→ **WORK ORDER**: What the response needs is every record, repeated verbatim, and no images.

Saved entries:
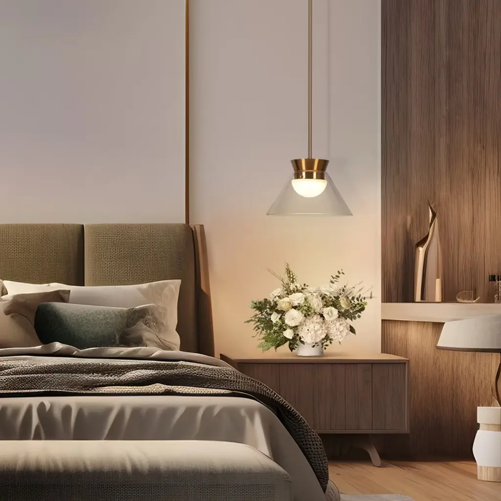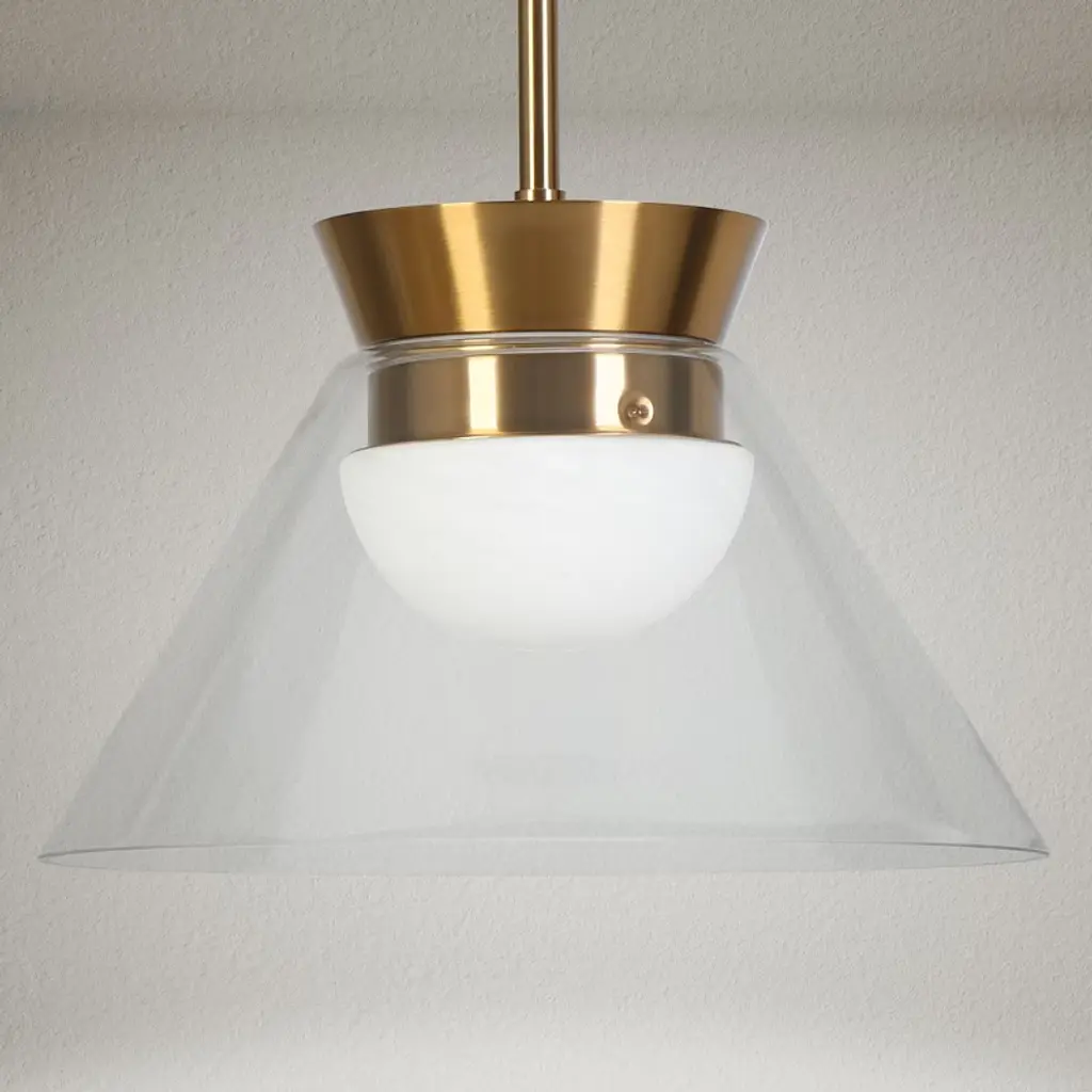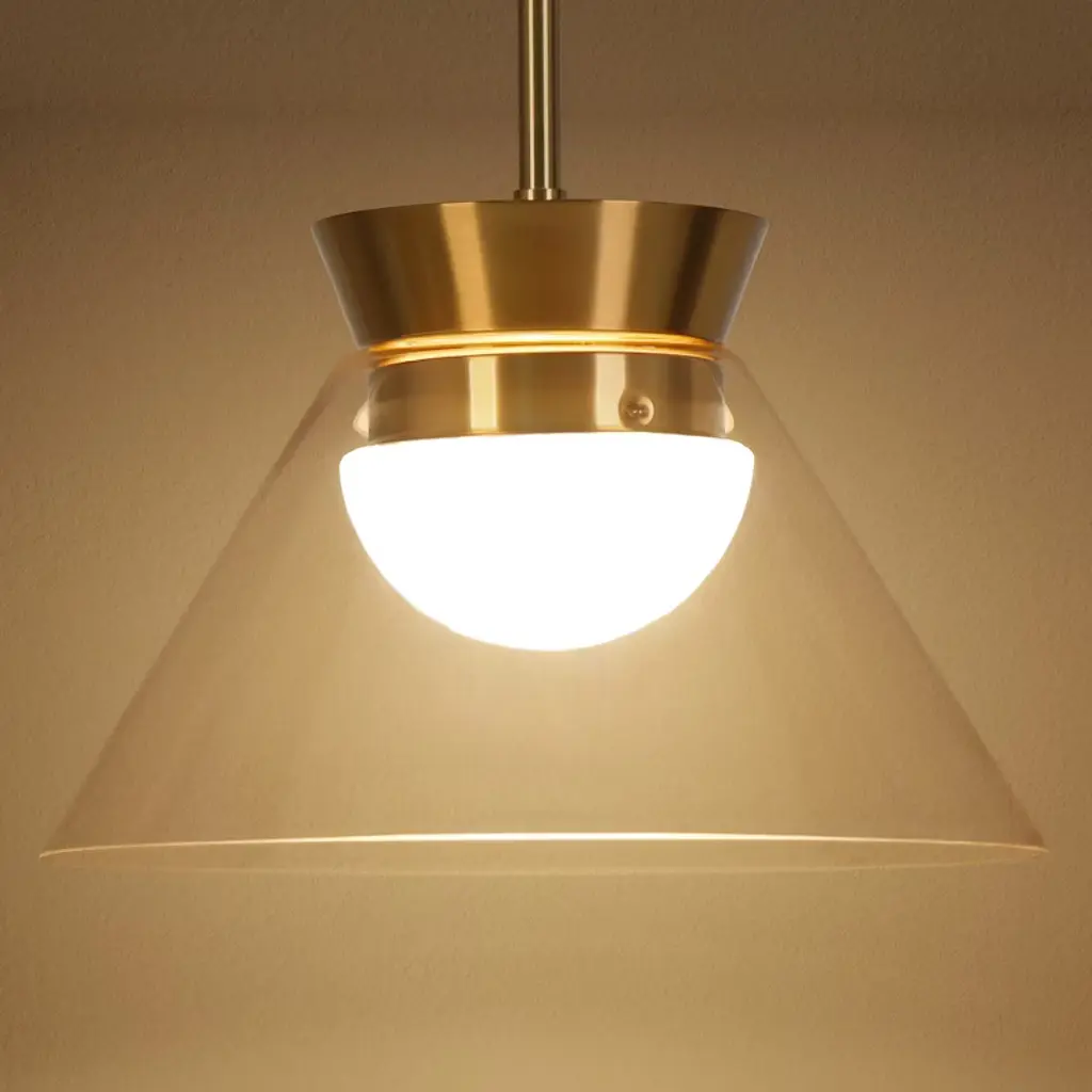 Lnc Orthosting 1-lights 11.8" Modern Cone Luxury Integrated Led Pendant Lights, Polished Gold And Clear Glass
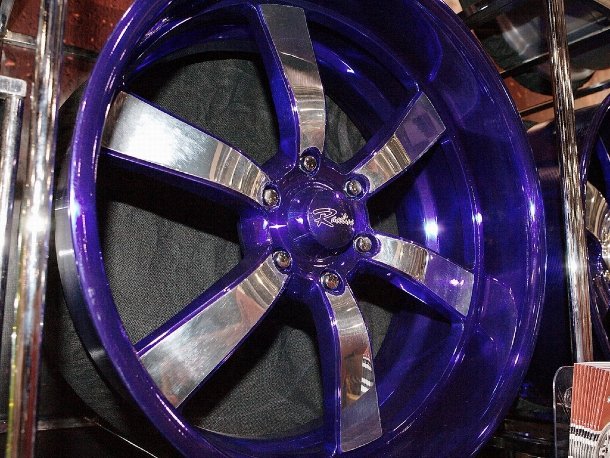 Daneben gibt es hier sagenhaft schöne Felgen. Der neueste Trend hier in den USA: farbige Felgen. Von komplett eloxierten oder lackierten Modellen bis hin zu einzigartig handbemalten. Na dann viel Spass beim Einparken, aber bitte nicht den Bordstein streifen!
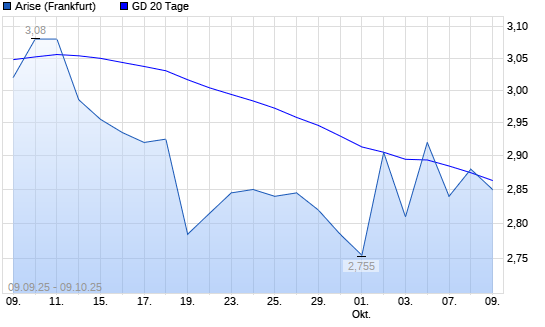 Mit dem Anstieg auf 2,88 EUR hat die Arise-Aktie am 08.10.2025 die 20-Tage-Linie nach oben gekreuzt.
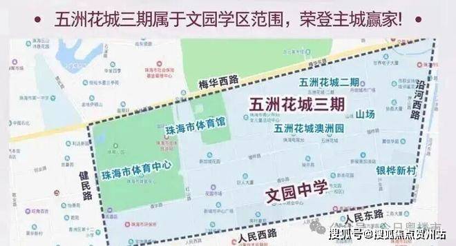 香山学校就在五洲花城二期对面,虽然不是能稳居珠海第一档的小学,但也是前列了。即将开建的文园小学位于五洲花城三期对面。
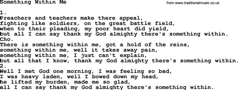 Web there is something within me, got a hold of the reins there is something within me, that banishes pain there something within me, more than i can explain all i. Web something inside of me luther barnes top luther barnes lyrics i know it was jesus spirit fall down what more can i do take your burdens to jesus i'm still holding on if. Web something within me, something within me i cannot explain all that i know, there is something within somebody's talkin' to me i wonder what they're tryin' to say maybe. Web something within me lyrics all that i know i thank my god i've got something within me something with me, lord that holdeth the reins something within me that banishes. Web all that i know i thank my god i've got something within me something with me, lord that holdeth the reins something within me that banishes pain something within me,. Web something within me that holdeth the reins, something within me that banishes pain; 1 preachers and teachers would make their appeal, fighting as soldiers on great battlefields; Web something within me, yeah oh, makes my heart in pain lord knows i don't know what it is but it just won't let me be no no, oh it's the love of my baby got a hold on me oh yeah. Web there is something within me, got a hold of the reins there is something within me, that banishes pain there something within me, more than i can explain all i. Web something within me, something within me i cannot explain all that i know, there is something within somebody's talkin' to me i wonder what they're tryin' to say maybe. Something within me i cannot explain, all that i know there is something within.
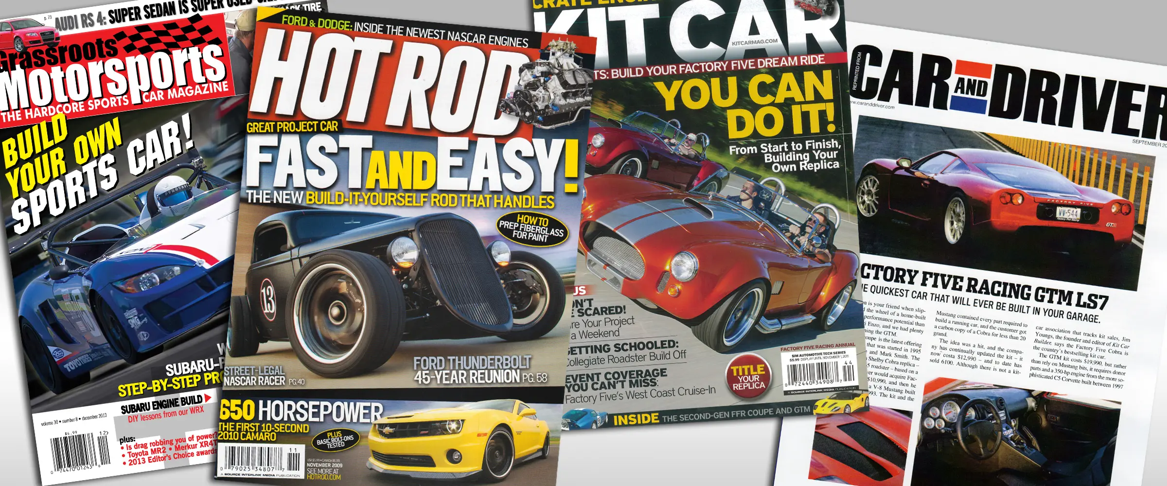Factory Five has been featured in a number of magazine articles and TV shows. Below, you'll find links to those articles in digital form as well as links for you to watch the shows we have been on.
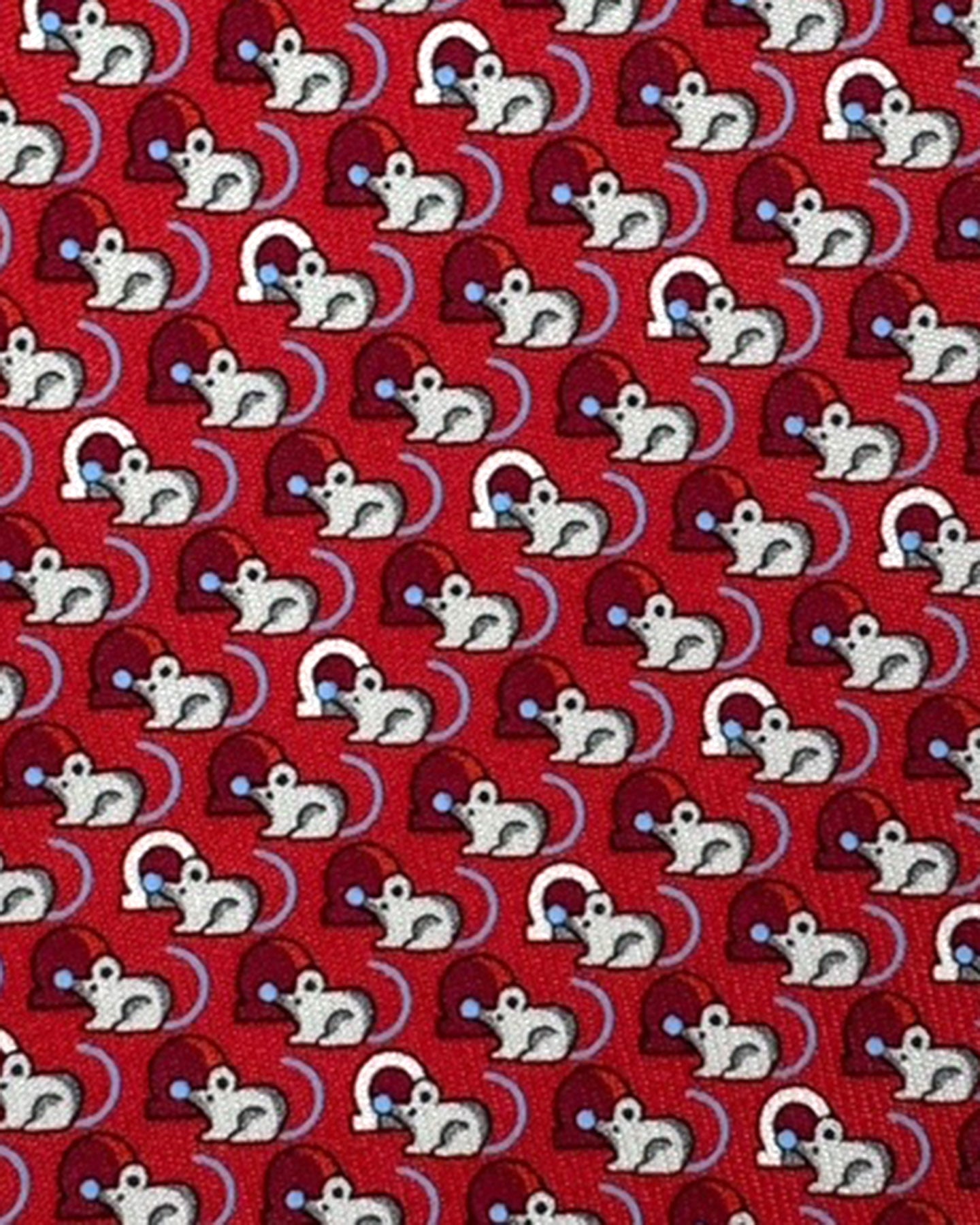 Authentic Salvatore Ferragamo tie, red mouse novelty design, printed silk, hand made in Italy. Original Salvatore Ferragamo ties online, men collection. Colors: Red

→ **RESPONSE**:
 Lnc Orthosting 1-lights 11.8" Modern Cone Luxury Integrated Led Pendant Lights, Polished Gold And Clear Glass
 Daneben gibt es hier sagenhaft schöne Felgen. Der neueste Trend hier in den USA: farbige Felgen. Von komplett eloxierten oder lackierten Modellen bis hin zu einzigartig handbemalten. Na dann viel Spass beim Einparken, aber bitte nicht den Bordstein streifen!
 Mit dem Anstieg auf 2,88 EUR hat die Arise-Aktie am 08.10.2025 die 20-Tage-Linie nach oben gekreuzt.
 香山学校就在五洲花城二期对面,虽然不是能稳居珠海第一档的小学,但也是前列了。即将开建的文园小学位于五洲花城三期对面。
 Web there is something within me, got a hold of the reins there is something within me, that banishes pain there something within me, more than i can explain all i. Web something inside of me luther barnes top luther barnes lyrics i know it was jesus spirit fall down what more can i do take your burdens to jesus i'm still holding on if. Web something within me, something within me i cannot explain all that i know, there is something within somebody's talkin' to me i wonder what they're tryin' to say maybe. Web something within me lyrics all that i know i thank my god i've got something within me something with me, lord that holdeth the reins something within me that banishes. Web all that i know i thank my god i've got something within me something with me, lord that holdeth the reins something within me that banishes pain something within me,. Web something within me that holdeth the reins, something within me that banishes pain; 1 preachers and teachers would make their appeal, fighting as soldiers on great battlefields; Web something within me, yeah oh, makes my heart in pain lord knows i don't know what it is but it just won't let me be no no, oh it's the love of my baby got a hold on me oh yeah. Web there is something within me, got a hold of the reins there is something within me, that banishes pain there something within me, more than i can explain all i. Web something within me, something within me i cannot explain all that i know, there is something within somebody's talkin' to me i wonder what they're tryin' to say maybe. Something within me i cannot explain, all that i know there is something within.
Factory Five has been featured in a number of magazine articles and TV shows. Below, you'll find links to those articles in digital form as well as links for you to watch the shows we have been on.
 Authentic Salvatore Ferragamo tie, red mouse novelty design, printed silk, hand made in Italy. Original Salvatore Ferragamo ties online, men collection. Colors: Red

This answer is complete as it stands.